1.10.3 - Removing nodes from a database
Note
In an Eon Mode database, you remove nodes from the subcluster that contains them, rather than from the database. See Removing Nodes for more information.As long as there are enough nodes remaining to satisfy the K-Safety requirements, you can remove the node from a database. You cannot drop nodes that are critical for K-safety. See Lowering K‑Safety to enable node removal.
You can remove nodes from a database using one of the following:
-
Management Console interface
-
Administration Tools
Prerequisites
Before removing a node from the database, verify that the database complies with the following requirements:
-
It is running.
-
It has been backed up.
-
The database has the minimum number of nodes required to comply with K-safety. If necessary, temporarily lower the database K-safety level.
-
All of the nodes in your database must be either up or in active standby. Vertica reports the error "All nodes must be UP or STANDBY before dropping a node" if you attempt to remove a node while a database node is down. You will get this error, even if you are trying to remove the node that is down.
Management Console
Remove nodes with Management Console from its Manage page:
Remove database nodes as follows:
-
Choose the node to remove.
-
Click Remove node in the Node List.
The following restrictions apply:
-
You can only remove nodes that belong to the database cluster.
-
You cannot remove DOWN nodes.
When you remove a node, its state changes to STANDBY. You can later add STANDBY nodes back to the database.
Administration tools
To remove unused hosts from the database using Administration Tools:
-
Open the Administration Tools. See Using the administration tools for information about accessing the Administration Tools.
-
On the Main Menu, select View Database Cluster State to verify that the database is running. If the database is not running, start it.
-
From the Main Menu, choose Advanced Menu and choose OK.
-
In the Advanced menu, choose Cluster Management and choose OK.
-
In the Cluster Management menu, choose Remove Host(s) from Database and choose OK.
-
When warned that you must redesign your database and create projections that exclude the hosts you are going to drop, choose Yes.
-
Select the database from which you want to remove the hosts and choose OK.

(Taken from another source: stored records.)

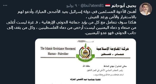 جاء ذلك في تغريدة لأبو حاتم على منصة (تويتر)، على خلفية تهنئة حركة حماس لرئيس المجلس السياسي الأعلى بصنعاء مهدي محمد المشاط بمناسبة عيد الأضحى.
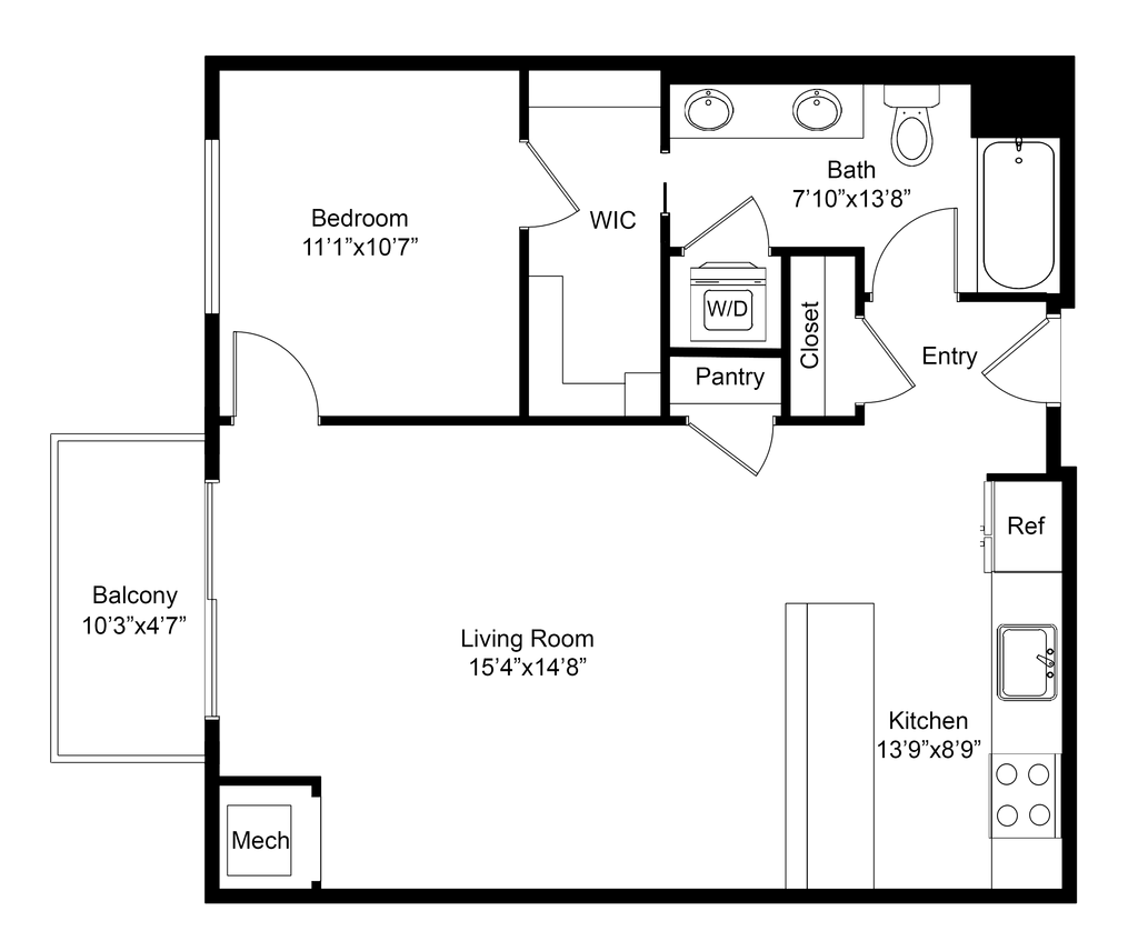 1 Bed, 1 Bath, 725 sq ftPlus FeesAvailable NowModel Gallery
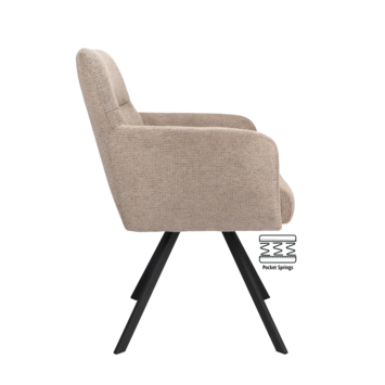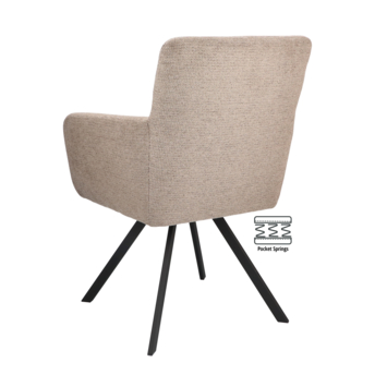 Wat deze stoel bijzonder maakt, is het hoge zitcomfort. De zitting is voorzien van pocketvering, wat zorgt voor optimale ondersteuning – ideaal voor lange etentjes of ontspannen avonden aan tafel. De rugleuning en armleuningen dragen bij aan een comfortabele zithouding, zodat je er moeiteloos uren op doorbrengt.
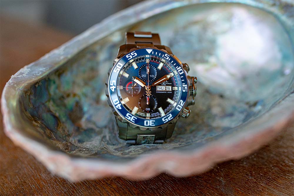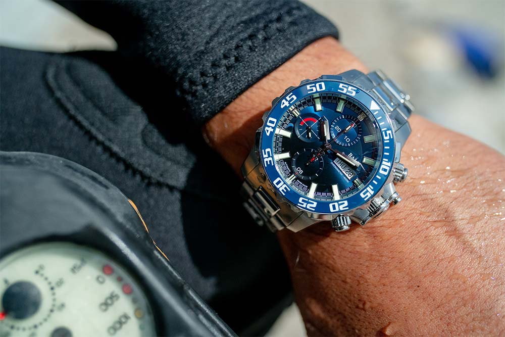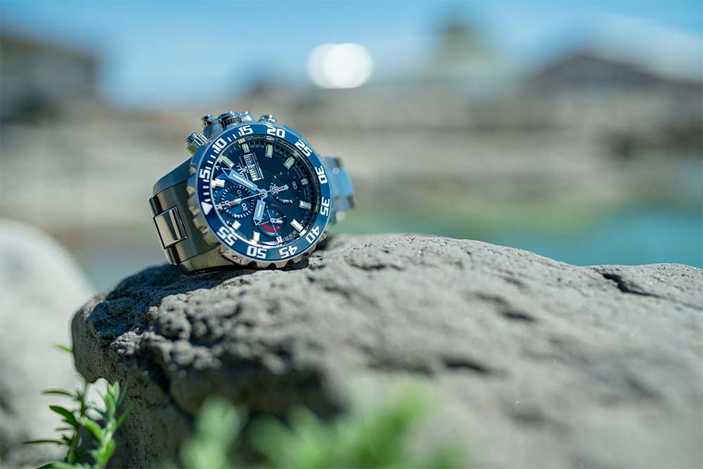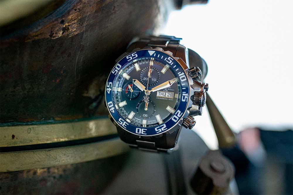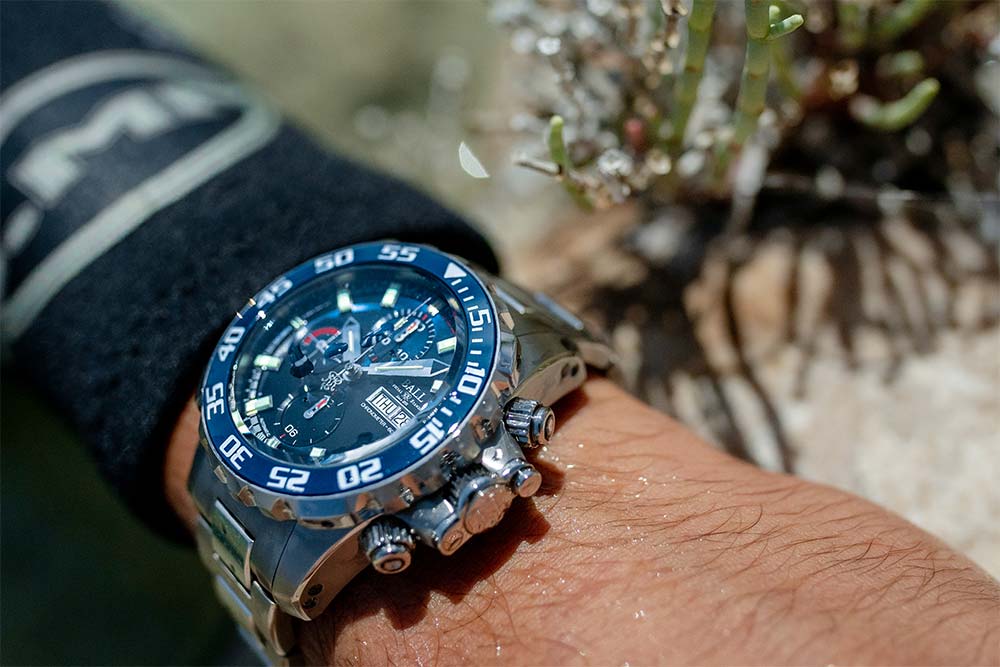 Prezentovaný model DC3226A-S3C-BE je tedy důvěryhodným plodem působivé vášně a neocenitelných zkušeností. Pokračuje ve výrazně industriálním vzoru a evokuje průmyslového ducha minulosti, který stále hlídá přesný čas. Pečlivě zabudované do podoby sportovních hodinek s koncepčním barevným schématem inspirovaným podmořskou hloubkou nabízí spoustu vzácných výhod. Jednou z nich je mimořádná třída voděodolnosti dosahující až 600 metrů! Díky tomu lze s časomírou zacházet jako s plnohodnotným náMachineem pro profesionální diverské použití. Navíc je vybaven patentovaným heliovým ventilem a zajišťuje jeho bezpečnost i po vynoření z vody. Ventil reguluje uvolňování zbytkových částic helia, které hodinky nashromáždily při pobytu v podmínkách zvýšeného tlaku. Majitel navíc dostává ještě jednu funkci, ze které může těžit pod povrchem. Jde o chronograf, který lze používat pod vodou. Jeho kvalitu potvrzuje uznávaný certifikát COSC, který zároveň informuje, že časomíra splňuje všechny přísné požadavky ISO 3159 pro chronometry z hlediska přesnosti měření času.
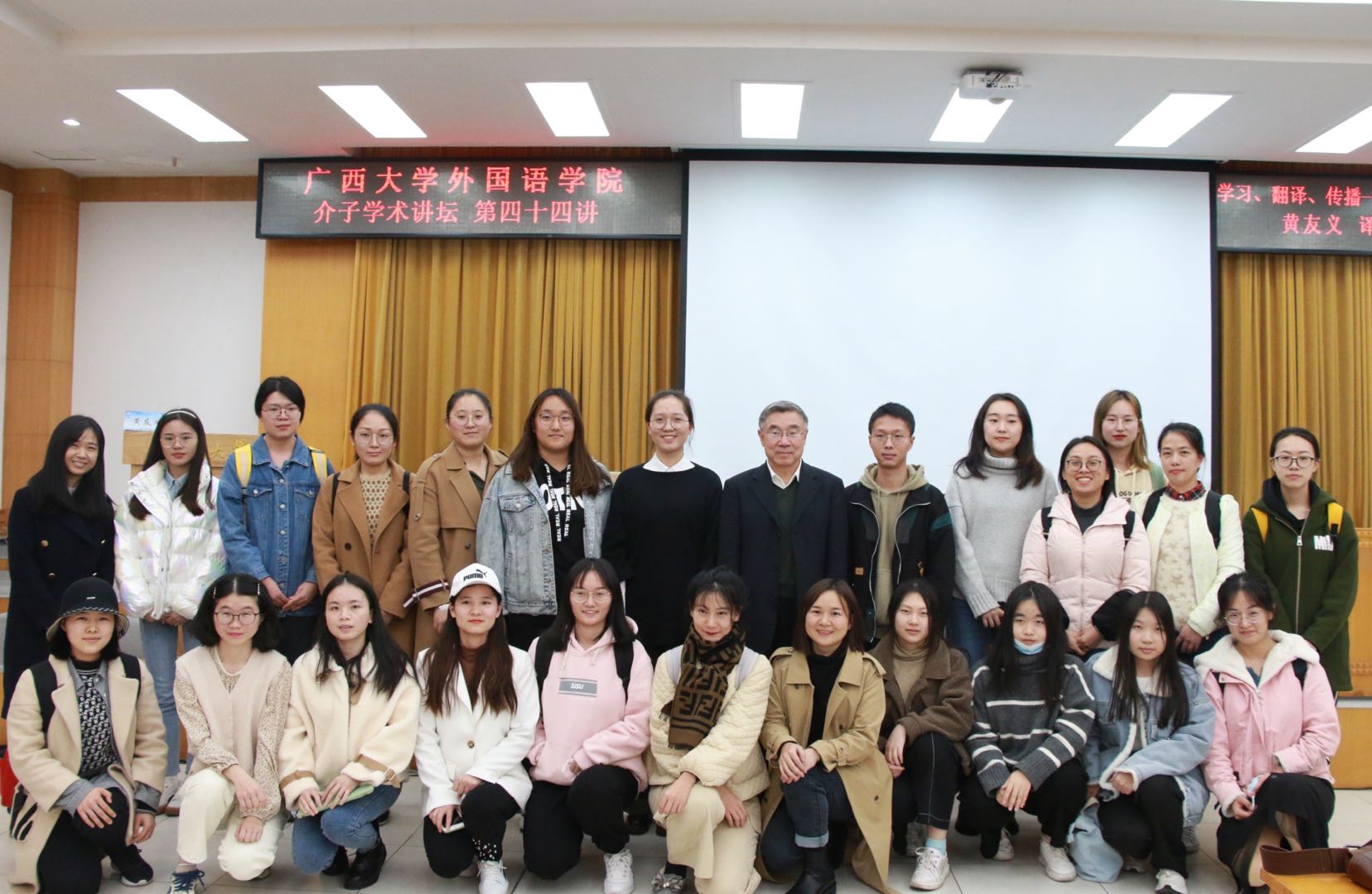 12月7日晚7点,英国上市公司365介子学术讲坛第四十四讲于广西大学君武楼玉林厅顺利举行。中国译协常务副会长、中国翻译研究院副院长黄友义译审应邀为我院师生带来了题为“学习、翻译、传播——参加《治国理政》翻译的体会”的精彩讲座。本次讲座由英国上市公司365院长罗选民教授主持,吸引了众多师生前往听会,讲座现场座无虚席。

A list of currently active hosts appears.
-
Select the hosts you want to remove from the database and choose OK.
-
When prompted, choose OK to confirm that you want to remove the hosts.
-
When informed that the hosts were successfully removed, choose OK.
-
If you removed a host from a Large Cluster configuration, open a vsql session and run realign_control_nodes:
SELECT realign_control_nodes();
For more details, see REALIGN_CONTROL_NODES.
-
If this host is not used by any other database in the cluster, you can remove the host from the cluster. See Removing hosts from a cluster.

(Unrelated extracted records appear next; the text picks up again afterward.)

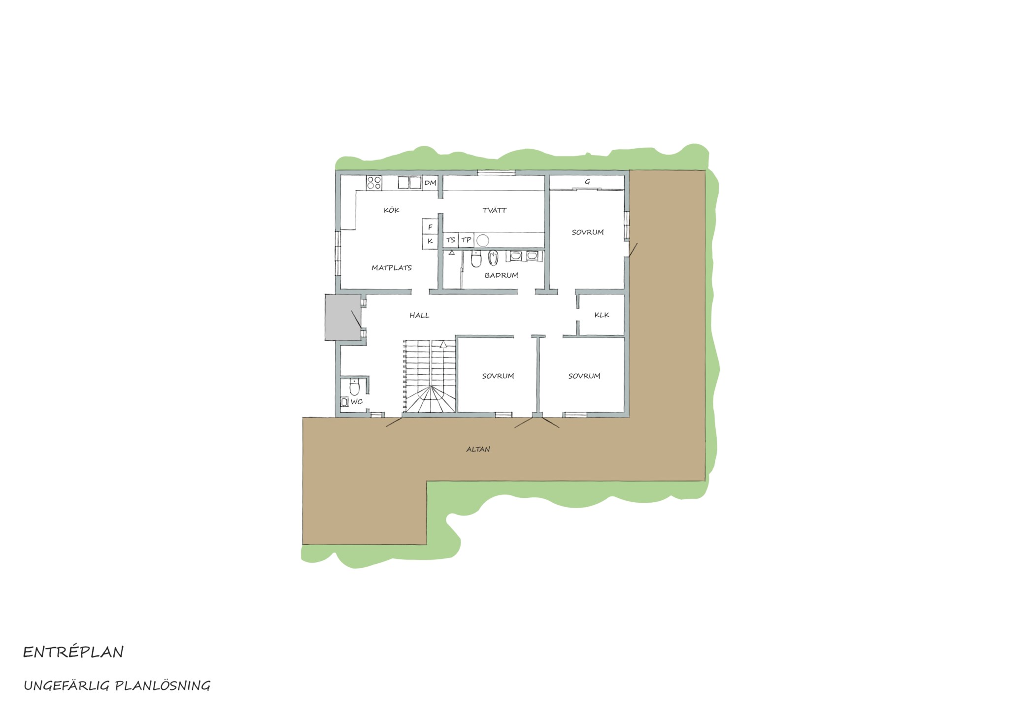 Huset är löpande renoverat genom åren av enda ägaren som lät bygga huset i mittan av 1970-talet. Fönstren bytta, taket omlagt och plattan försedd med vattenburen golvvärme. På taket dessutom ett 35 solpaneler som alstrar din egen el. Tre sovrum på entréplanet men det vore en ganska enkelt snickerioperation att skapa ett eller två till en våning upp. Alla sovrummen med egen dörr ut på altanen. När det gäller ytskikten i huset så är det lite olika tidsåldrar du möter. Lilla toaletten är uppfräschat, det stora badrummet från ett helt annat decennium.
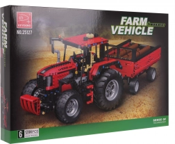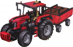 Ta obsežen gradbeni komplet prinaša avtentičen model kmečkega traktorja z odklopljivo prikolico. Zahvaljujoč domiselnim prenosom na strehi lahko zlahka upravljate obračanje sprednjih koles, gibanje sprednje maske in delovanje batov. Realistična razmerja in mehanske podrobnosti bodo razveselila male in velike graditelje.
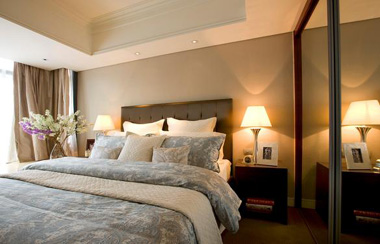 臥室依然大面積采用淺色調(diào),濃咖啡色的床頭柜和濃咖啡色的床,恰到好處的避免了臥室色彩的輕重失調(diào)。大面的鏡子在視覺上大大增加了臥室的空間。床頭柜上Harbor House白貝母相框和座鐘,滲出一點高雅與脫俗。床頭燈柔和的燈光又能讓臥室不失溫馨與親切。
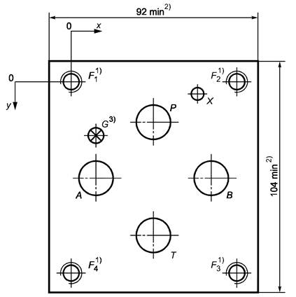 Рисунок А.3 - Присоединительные размеры стыковых плоскостей для четырехлинейных дросселирующих гидрораспределителей с серворегулированием с максимальным диаметром отверстия 16 мм
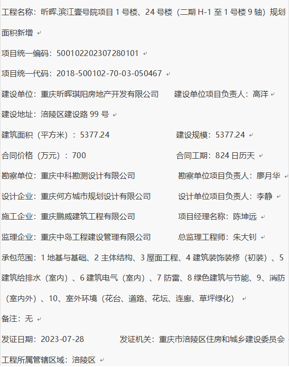 昕晖.滨江壹号院项目1号楼、24号楼(二期H-1至1号楼9轴)规划面积新增 建筑工程施工许可
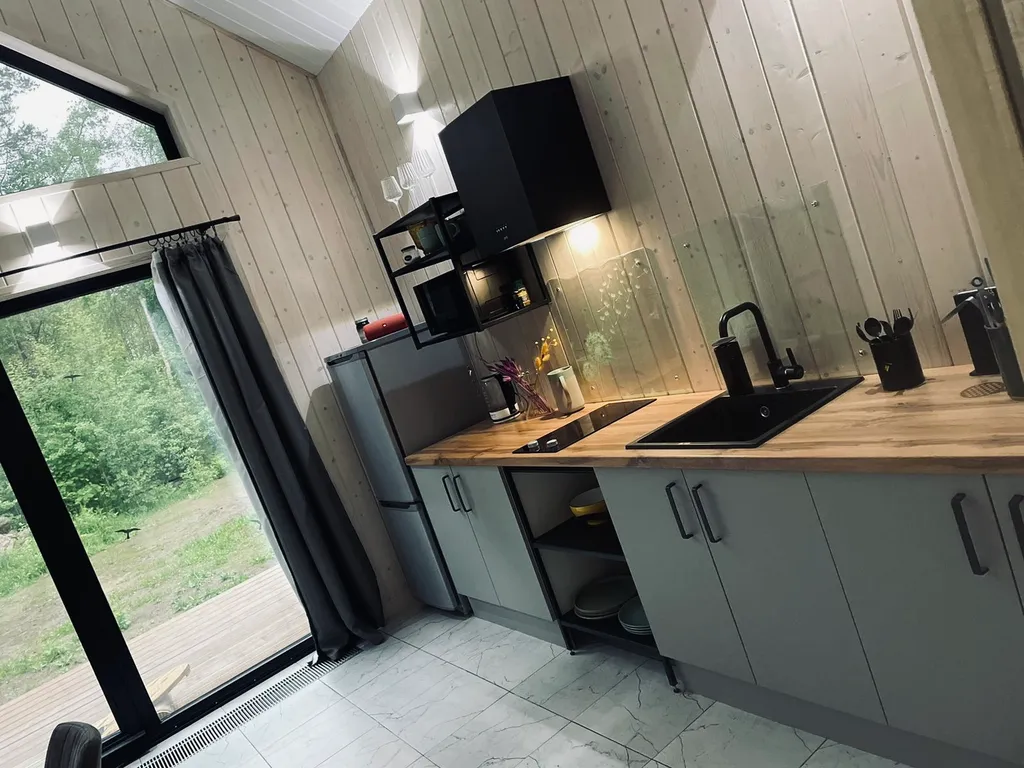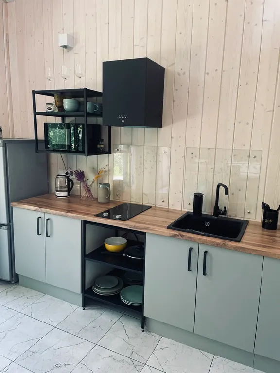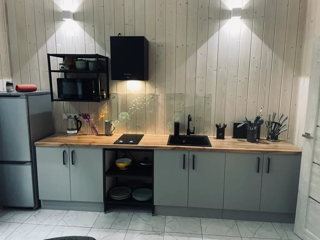 Кухня оснащена всем необходимым: микроволновой печью, холодильником, электрической варочной поверхностью и посудой, чтобы вы могли чувствовать себя как дома, шампура и решетки также имеются (с собой просим захватить только угли и розжиг).

1.10.4 - Removing hosts from a cluster
If a host that you removed from the database is not used by any other database, you can remove it from the cluster with update_vertica
. You can leave the database running during this operation.

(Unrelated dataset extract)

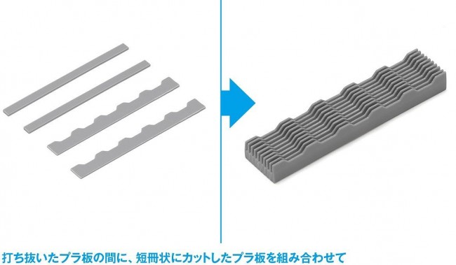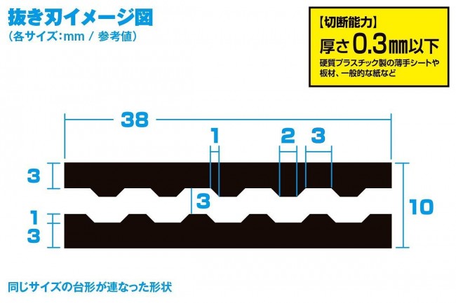連続的な形状をワンタッチで打ち抜ける! ディテールアップパーツの作成に! ディテールアップパーツの自作に便利な模型用パンチです。 連続的な形状をワンタッチで打ち抜く事ができ、パーツの量産も簡単。 打ち抜いた素材を基にしてアレンジすれば、様々なディテールアップパーツが作成できます。 実用新案出願済。 【抜き刃形状】 HT-436:同じサイズの台形が連なった形状。 HT-437:サイズが異なる台形が並んだ形状。 【切断能力】 厚さ0.3mm以下の硬質プラスチック製の薄手シートや板材、一般的な紙など。 【ご注意】 本製品には刃物が含まれております。ケガをしないようにご注意ください。 抜き刃の各部サイズは参考値で、多少の誤差があります。 和紙のような薄い紙、柔軟性のあるビニールフィルムや軟質プラスチック(塩ビ等)製のシート等への作業の場合、切断能力内の厚さであってもうまく作業できない場合があります。 使用イメージの作例は参考用です。 本製品で材料を打ち抜いた後、さらに加工が必要となる場合があります。 製品素材:ABS/アルミ合金
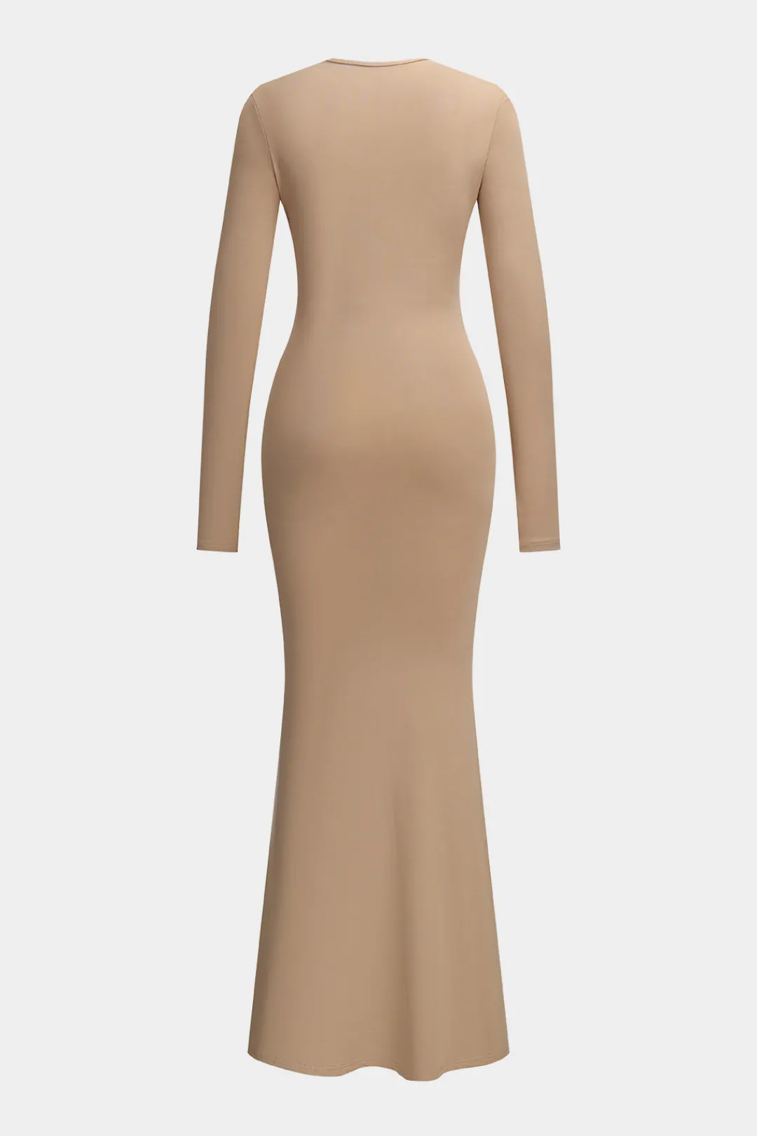 MICAS Long Sleeve Dresses|Maxi Dresses-Ruched Bow Round Neck Long Sleeve Maxi Dress KHAKI

When you use update_vertica to reduce the size of the cluster, it also performs these tasks:
-
Modifies the spread to match the smaller cluster.
-
Configures Administration tools to work with the smaller cluster.
Note
You can use Management Console to remove hosts from a database, but you cannot remove those hosts from a cluster.From one of the Vertica cluster hosts, run update_vertica
with the –-remove-hosts
switch. This switch takes an list of comma-separated hosts to remove from the cluster. You can reference hosts by their names or IP addresses. For example, you can remove hosts host01
, host02
, and host03
as follows:
# /opt/vertica/sbin/update_vertica --remove-hosts host01,host02,host03 \
--rpm /tmp/vertica-10.1.1-0.x86_64.RHEL6.rpm \
--dba-user mydba
If --rpm
specifies a new RPM, then Vertica installs it on the existing cluster hosts before proceeding.
update_vertica
uses the same options as
install_vertica
.For all options, see Installing Vertica with the installation script.
Requirements
-
If
-remove-host
s specifies a list of multiple hosts, the list must not embed any spaces between hosts. -
Use the same command line options as in the original installation. If you used non-default values for the database administrator username, password, or directory path, provide the same settings when you remove hosts; otherwise; the procedure fails. Consider saving the original installation options in a properties file that you can reuse on subsequent installation and update operations. See Installing Vertica silently.
1.11 - Replacing nodes
If you have a K-Safe database, you can replace nodes, as necessary, without bringing the system down. For example, you might want to replace an existing node if you:
-
Need to repair an existing host system that no longer functions and restore it to the cluster
-
Want to exchange an existing host system for another more powerful system
Note
Vertica does not support replacing a node on a K-safe=0 database. Use the procedures to add and remove nodes instead.The process you use to replace a node depends on whether you are replacing the node with:
-
A host that uses the same name and IP address
-
A host that uses a different name and IP address
-
An active standby node
Prerequisites
-
Configure the replacement hosts for Vertica. See Before you Install Vertica.
-
Read the Important Tipssections under Adding hosts to a cluster and Removing hosts from a cluster.
-
Ensure that the database administrator user exists on the new host and is configured identically to the existing hosts. Vertica will setup passwordless ssh as needed.
-
Ensure that directories for Catalog Path, Data Path, and any storage locations are added to the database when you create it and/or are mounted correctly on the new host and have read and write access permissions for the database administrator user. Also ensure that there is sufficient disk space.
-
Follow the best practice procedure below for introducing the failed hardware back into the cluster to avoid spurious full-node rebuilds.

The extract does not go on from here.